Saritha Petthongpoon


Saritha Petthongpoon is earning her Bachelor of Social Work and Bachelor of Science in Bible Degrees and expects to graduate in December 2012. She is an international student from Thailand who has been actively involved at the University as an Honors Student, as a member of the Resident Life Team, and with the Culture and Arts Association. This spring she completed her one-day-a-week Social Work field placement at Associated Services for the Blind and Visually Impaired.

In 2008, I came to the United States for the first time from Chiang Mai, Thailand to start my college education. I had been previously considering studying architectural engineering at secular schools in the area (Drexel, Temple, and UPenn) with the end goal in mind of serving the Lord in the field of humanitarian aid, but felt unsettled with the idea of investing such formative years of my life in a secular learning community. Through a series of last-minute conversations, I was challenged to consider studying Social Work and found out about PBU through family friends. I applied late in my senior year of high school, and came to realize afterwards that it was providential that I would go on to attend Philadelphia Biblical University. Prior to coming to PBU, I did not know much about the University. I had grown up in a missions community and had a few alumni connections. However, I was excited for the opportunity to grow in my faith through the pursuit of a strong biblical education in conjunction with an intensive social work program.

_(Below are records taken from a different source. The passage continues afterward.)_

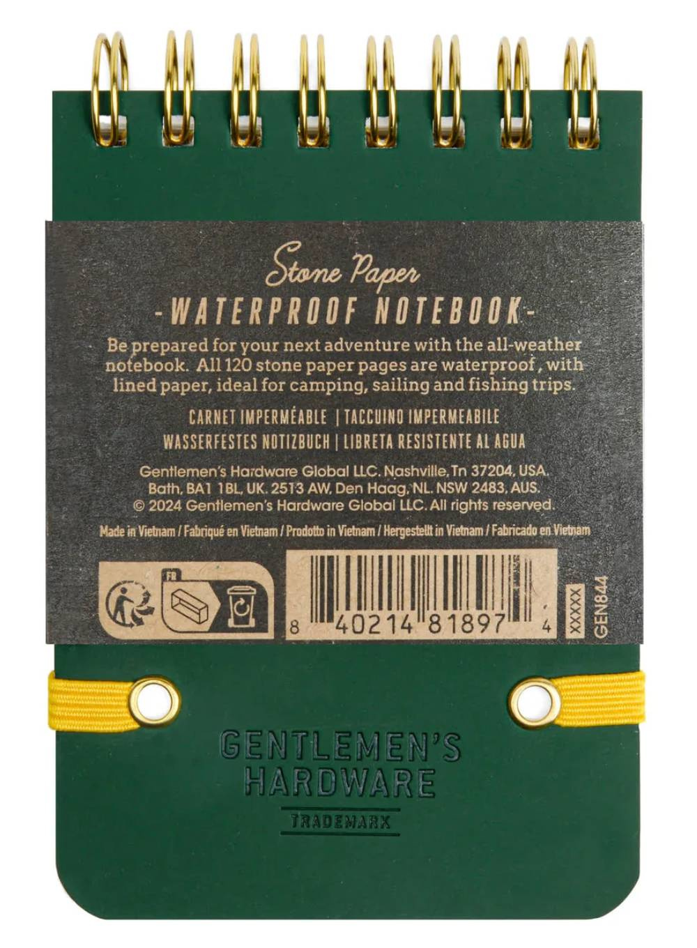 Kieszonkowy wodoodporny notes od Gentlemen's Hardware to niezawodny towarzysz każdej przygody - trwały, kompaktowy i gotowy na każde warunki pogodowe.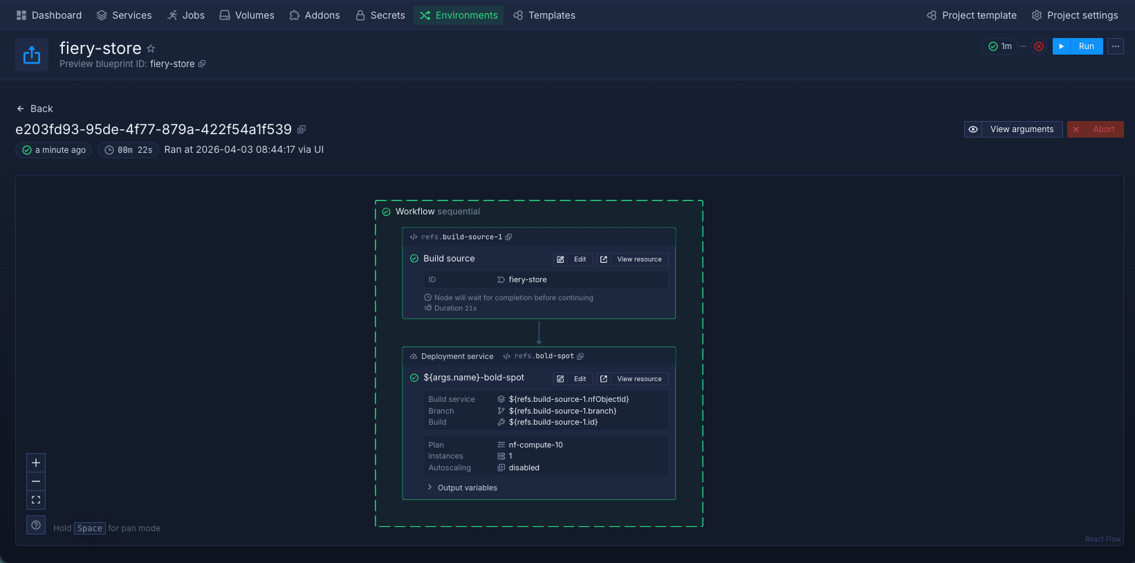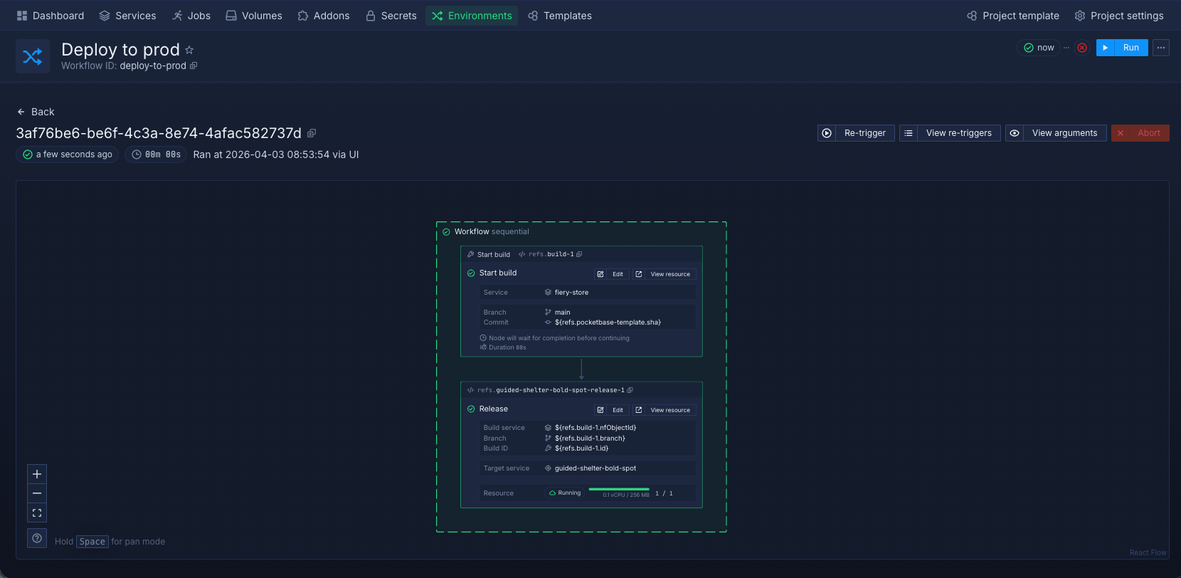 After you have configured the workflow, you can manually test run it and Northflank will execute the workflow as you have specified it.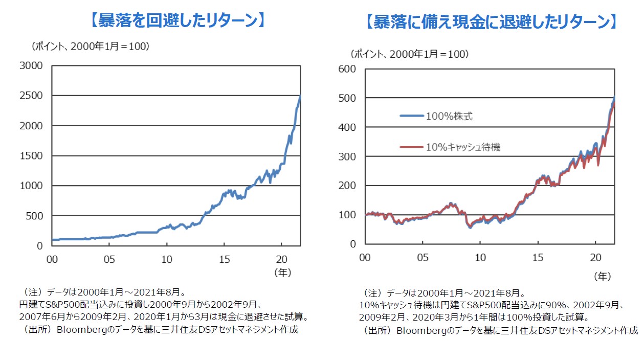 ■例えば、暴落の前に株式投資を現金に換え、相場の底値で株式に戻すと言った、暴落を回避することを考えてみます。前述の通り、2000年以降、暴落局面は3回ありましたが、2000年9月から2002年9月、2007年6月から2009年2月、2020年1月から3月に株式から現金へと資産を移し(月の末日基準)、底値で株式に戻すことができていれば、2000年1月以降の累積リターンは+2402%となります。一方、同期間、米国株式をずっと保有していた場合のリターンは+404%です。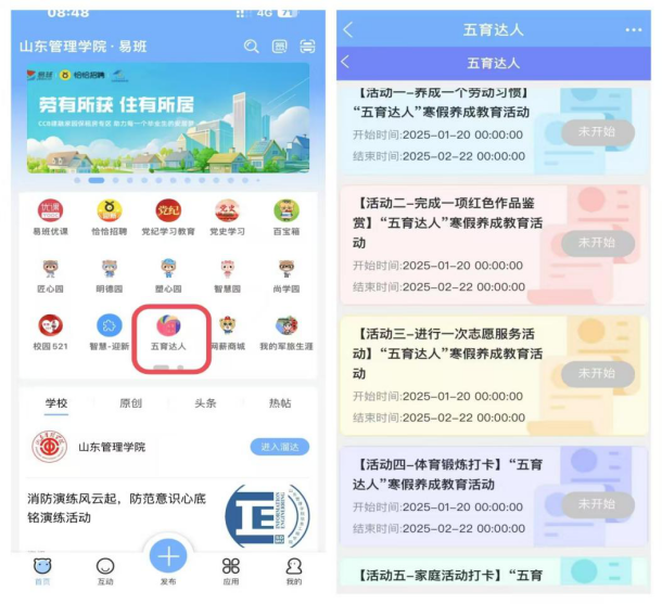 1.学生通过易班APP“五育达人”板块参与各项活动(具体如下图,注:所有提交的视频形式作品不超过500M)。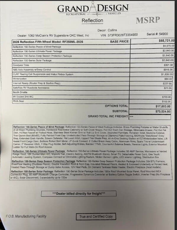 Request More Info on this 2026 Grand Design Reflection 150 250ML Offered for sale by McClain's RV Oklahoma City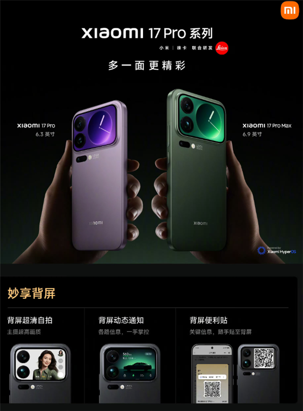 但其实小米 17 Pro 多了个 「妙享背屏」,摄像头模组的右侧区域,直接是块完整的显示区域。

I barely understood what the combination of the two would look like, but the unashamed “Biblical” in the name of the University gave me great assurance that my education would be one centered upon Christ and the Word of God.

Once I became a student, I came to appreciate the integrative nature of the University’s commitment to educate students to be biblically minded, well-educated, and professionally competent men and women of character to serve Christ in the church, society, and the world, and sought to align myself to become a fulfillment of the University’s mission. The next four years showed me that a biblical education means so much more than just having “biblical” in the name.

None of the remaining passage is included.